对抗性对齐中的规模模式：来自多LLM越狱实验的证据 (Scaling Patterns in Adversarial Alignment: Evidence from Multi-LLM Jailbreak Experiments)

Large language models (LLMs) increasingly operate in multi-agent and safety-critical settings, raising open questions about how their vulnerabilities scale when models interact adversarially. This study examines whether larger models can systematically jailbreak smaller ones - eliciting harmful or restricted behavior despite alignment safeguards. Using standardized adversarial tasks from JailbreakBench, we simulate over 6,000 multi-turn attacker-target exchanges across major LLM families and scales (0.6B-120B parameters), measuring both harm score and refusal behavior as indicators of adversarial potency and alignment integrity. Each interaction is evaluated through aggregated harm and refusal scores assigned by three independent LLM judges, providing a consistent, model-based measure of adversarial outcomes. Aggregating results across prompts, we find a strong and statistically significant correlation between mean harm and the logarithm of the attacker-to-target size ratio (Pearson r = 0.51, p < 0.001; Spearman rho = 0.52, p < 0.001), indicating that relative model size correlates with the likelihood and severity of harmful completions. Mean harm score variance is higher across attackers (0.18) than across targets (0.10), suggesting that attacker-side behavioral diversity contributes more to adversarial outcomes than target susceptibility. Attacker refusal frequency is strongly and negatively correlated with harm (rho = -0.93, p < 0.001), showing that attacker-side alignment mitigates harmful responses. These findings reveal that size asymmetry influences robustness and provide exploratory evidence for adversarial scaling patterns, motivating more controlled investigations into inter-model alignment and safety.

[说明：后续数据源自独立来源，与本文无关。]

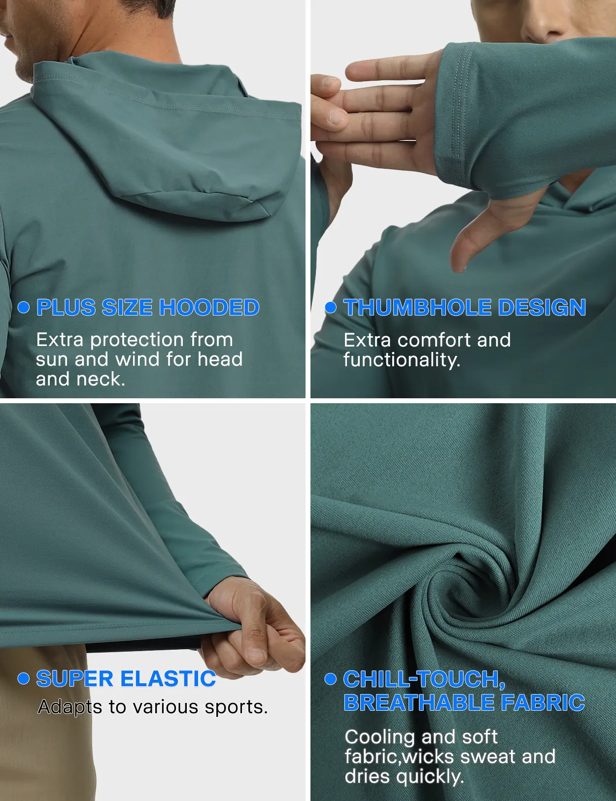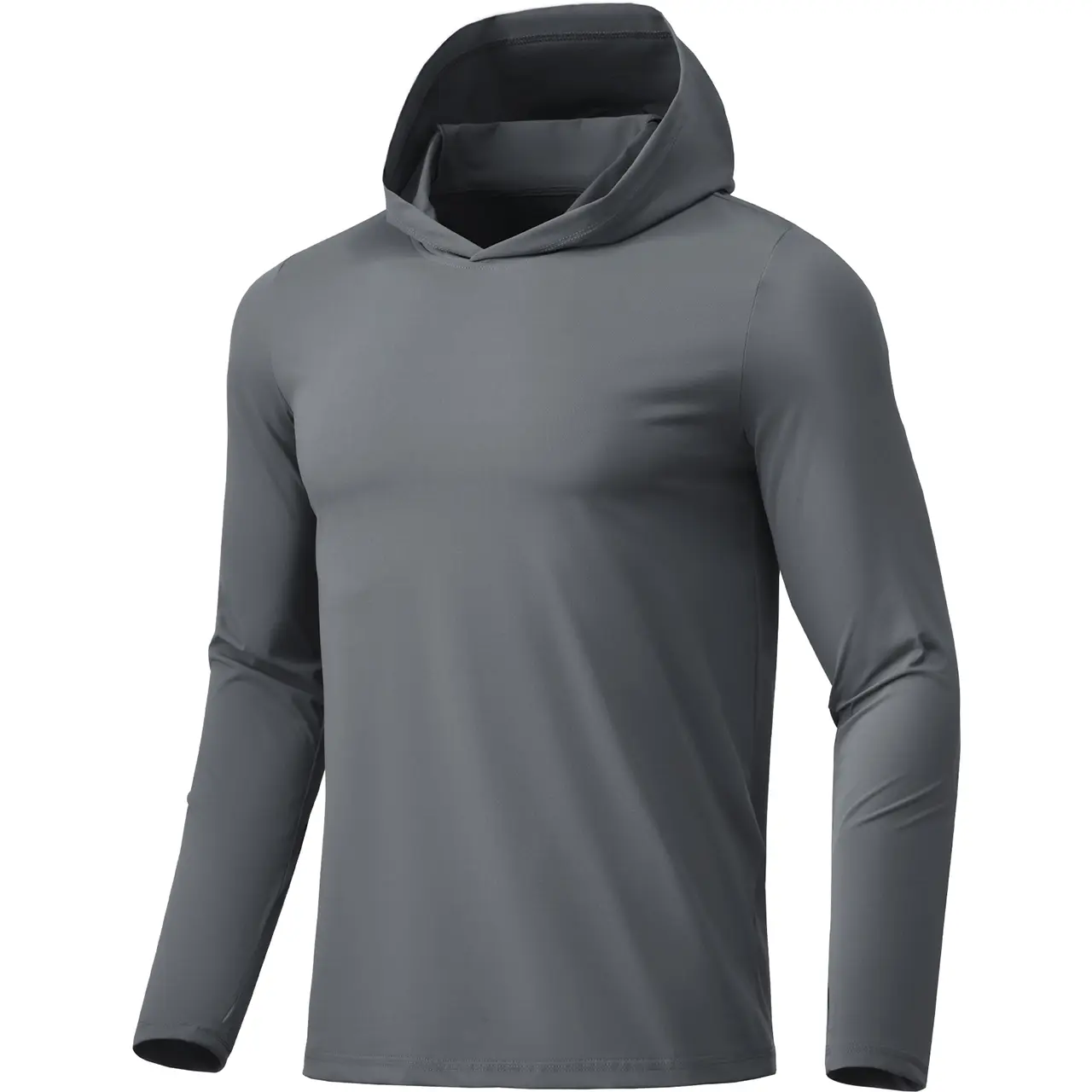 Hood & Thumbhole Design: The hooded design not only gives the men’s long-sleeve sun protection shirt a sleek and modern look but also adds practicality by shielding sensitive areas from UV rays, reducing the risk of sunburn. The thumbholes extend the sleeves over your palms, keeping them in place and providing full sun protection for your arms during outdoor activities.

翻译：大型语言模型（LLM）越来越多地应用于多智能体和安全关键场景中，这引发了关于模型在对抗性交互时其脆弱性如何扩展的开放性问题。本研究探讨了较大模型是否能够系统性地越狱较小模型——即在存在对齐安全措施的情况下，仍能诱导出有害或受限行为。利用JailbreakBench中的标准化对抗性任务，我们模拟了超过6,000次跨主要LLM家族和规模（0.6B-120B参数）的多轮攻击者-目标交互，同时测量了危害分数和拒绝行为，作为对抗性效力和对齐完整性的指标。每次交互均由三个独立的LLM评判员分配的聚合危害分数和拒绝分数进行评估，从而提供了一种一致的、基于模型的对抗性结果度量。汇总不同提示下的结果，我们发现平均危害分数与攻击者-目标规模比的对数之间存在强且统计显著的相关性（Pearson r = 0.51, p < 0.001; Spearman rho = 0.52, p < 0.001），这表明相对模型规模与有害补全的可能性和严重程度相关。平均危害分数的方差在攻击者之间（0.18）高于在目标之间（0.10），这表明攻击者侧的行为多样性对对抗性结果的影响大于目标侧的易感性。攻击者的拒绝频率与危害分数呈强负相关（rho = -0.93, p < 0.001），表明攻击者侧的对齐缓解了有害响应。这些发现揭示了规模不对称性对鲁棒性的影响，并为对抗性规模模式提供了探索性证据，从而推动了对模型间对齐和安全性的更受控研究。